INDIANA
UNIVERSITY
PURDUE
UNIVERSITY
INDIANAPOLIS

Computational
Fluid Dynamics
Laboratory


Tao Yang  M.S.M.E.

 Indiana University - Purdue University Indianapolis, August 2002.

The Development of A Compressible Lattice Boltzmann Model for Turbomachine Applications

Major Professor: Andrew T. Hsu

Abstract

The purpose of the present work is to extend the Lattice Boltzmann (LB) method to the simulation of flows in turbomachinery. In the last decade, the LB method has been successfully developed into a promising alternative to the traditional CFD method. This simple and straightforward method has been shown to be capable of simulations of many complex flow phenomena. However, applications of the LB method to real life problems have been a few. In the present work, efforts have been made to extend the LB method to the simulation of turbomachinery, specifically, simulation of cascades.
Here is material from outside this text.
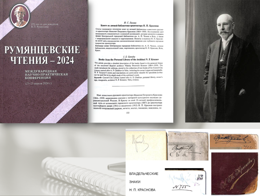 В сборник вошла статья «Книги из личной библиотеки архитектора Н.П. Краснова» И.С. Ганжи, заведующей отделом редкой книги ЦГБ им. А.П. Чехова.
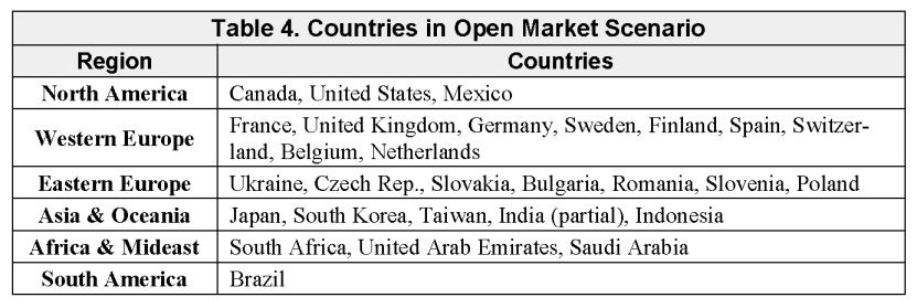 为了进行分析,公开市场定义为传统上具有竞争力的市场,以及伴随俄乌冲突转变为具有竞争力的市场。下表为全球公开市场的国别清单。

In the present work, a compressible LB model proposed by Sun et al.[27] has been estended successfully to the simulation of and several new techniques have been successfully developed to handle the complex geometry in cascade simulations. A new boundary treatment has been introduced to the present LB model to simulate the slip wall boundary. A new mesh treatment has devised in the present work to cover an irregular computational domain with regular mesh. Simulations have been carried out for three different cascades, including, the wedge cascade, C3X cascade and VKI cascade. Good agreements between the present results and both experimental results and pervious numerical results have been shown. This is the first time that a LB simulation of turbomachinery flows has been reported. The LB method is generally regarded as a naturally parallel scheme. The parallel performance of the new LB model is studied in the present work. The parallelization efficiency has been tested on up to 250 processors.